# Hole in The Wall



## Ogre (Jan 31, 2007)

Hole in the wall

I haven’t posted any new pictures of my new track since last May before leaving for Wisconsin until October. Since being back, time has not been good to me, but I have made a few improvements. The track is sunk and dirt has been painted, the pit lanes are now electrically operated and working great. Filled and smoothed the track to some degree, the banked curves are solidly mounted; the control stations are wired with the switch for the pit lanes next to each control station. I have some 1/87th scale buildings left from last track but am using Ertil 1/64th scale farm country buildings for most track buildings along with all the new 1/64th diorama items that have came out in the past year or so. I have so much to do in that arena that the track grounds have taken a back seat. The track is a modified River Hills 50 plan from HO Slot Car Racing Site. I added 2 banked curves, a 9 and 12 plus the 2 pit lanes and raised the back straight. The track has taken a lot longer then I had anticipated but going to Wisconsin in the spring doesn’t leave me much build time when I have to figure in the honey-do list. I will try to post again before I leave in May, if I have made any significant progress.


----------



## rbrunne1 (Sep 22, 2007)

Very cool! I like how you took apart the "Moments in Time" dioramas and incorporated the walls.
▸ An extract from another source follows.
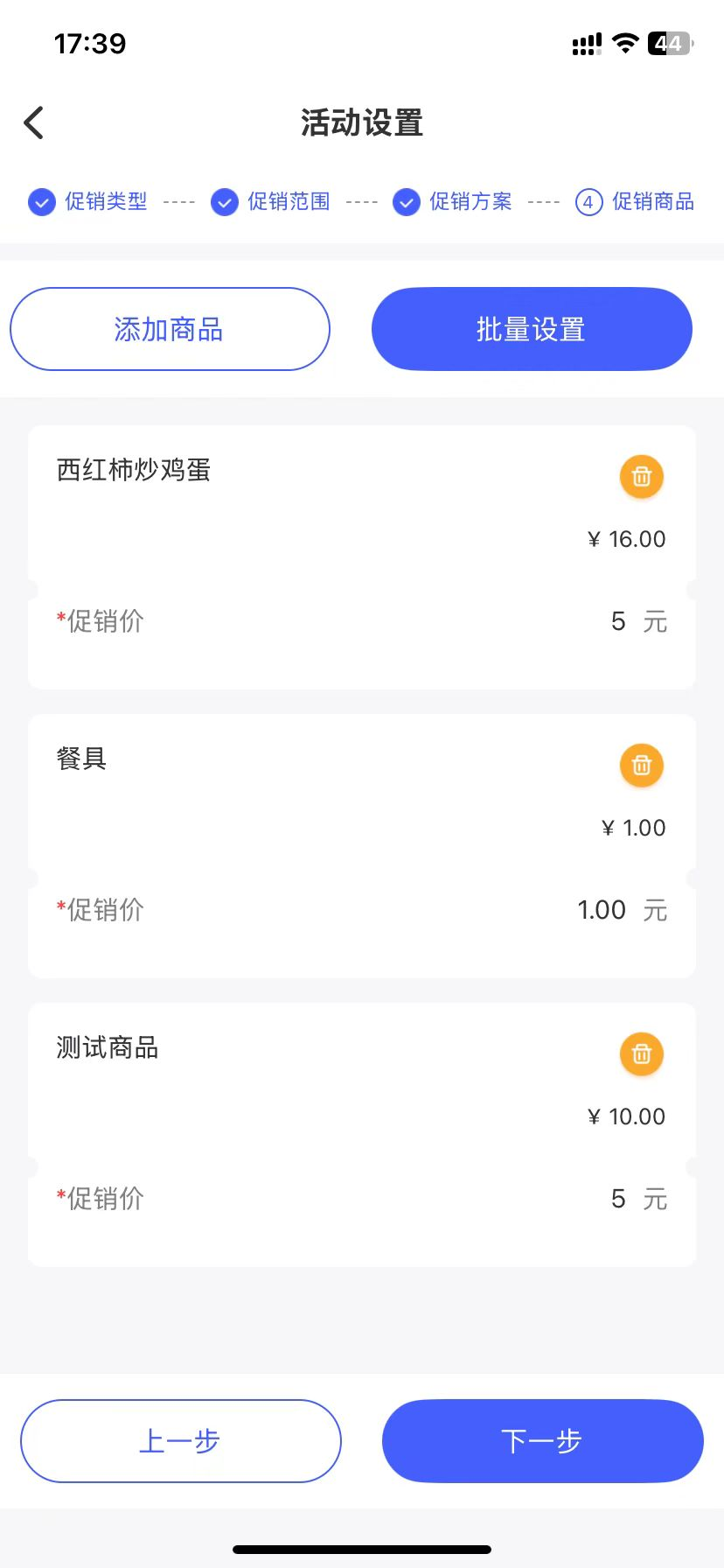 注意事项:必须先选择商品,再点批量设置,当批量设置促销价格时,原商品金额低于促销价,该商品不会生效

What did you use for the checker board floor?

Bob B.


----------



## Ogre (Jan 31, 2007)

Rb

I picked up 2 of every one of the moments in time displays and will be using some for store fronts in the wall under the back stretch that is not built yet. For awhile their was some nice items produced for 1/64th scale, Green Light garage items, M2 Auto lifts, Winner’s Circle series. Now we seem to be in a large dry spell, to bad some body like American Diorama doesn’t build items in our scale, especially good people not old railroad people. The checker floor can be found here at the bottom of the page item 49, I used ms paint to make the size of floor I wanted. http://www.racelinecentral.com/Decals.html


----------



## Bill Hall (Jan 6, 2007)

Great track design Ogre.

Lots of good action and it's not cramped....dig it!


----------



## Ogre (Jan 31, 2007)

Howdy,here is a short update on why I'm calling the track the Hole in the Wall. Still just dirt and rocks with some small construction. It's slow going but it will get their.


----------



## T-jetjim (Sep 12, 2005)

Ogre - looking good. Where are you in Florida?

Jim


----------



## NTxSlotCars (May 27, 2008)

Man, this building looks great for a pit area garage building!!!
What did this run ya? Got a link for it? Ertl 1/64th?

Rich
The guy that likes all that old Nascar stuff.


----------



## Ogre (Jan 31, 2007)

Jim,
I live in New Smyrna Beach.

Rich,
Unfortunately the buildings in the pictures are a tad big for 1/64, it's to bad but now I have found 2 building sets from ertil farm country that fit great. The first buildings would work for a large track or better yet 1/43. To bad I couldn't see them before I bought them.


----------



## Ogre (Jan 31, 2007)

http://home.rr.com/ogreI have Road Runner internet and get a free web page, so I'm posting all pictures of updates their. I have about finished the pits and added grass. All comments and suggestions welcome. Not sure if above link will work.
http://home.rr.com/ogre


----------



## slotcarman12078 (Oct 3, 2008)

It works!!! Looks great with the greenery!!! :thumbsup::thumbsup:


----------



## rbrunne1 (Sep 22, 2007)

Looking Good Ogre :woohoo:


----------



## Hilltop Raceway (Feb 12, 2006)

Cool pics!!! Sure like the shop pics!!! Good looking track!!! RM


----------



## Rolls (Jan 1, 2010)

Link worked perfectly. Man, that is looking great! Love the grass, elevation and those pits!:thumbsup:


----------



## Ogre (Jan 31, 2007)

Thanks for the kind comments. More later.


----------



## demether (Aug 26, 2008)

Great two lane track ! Can't wait to see the scenery !


----------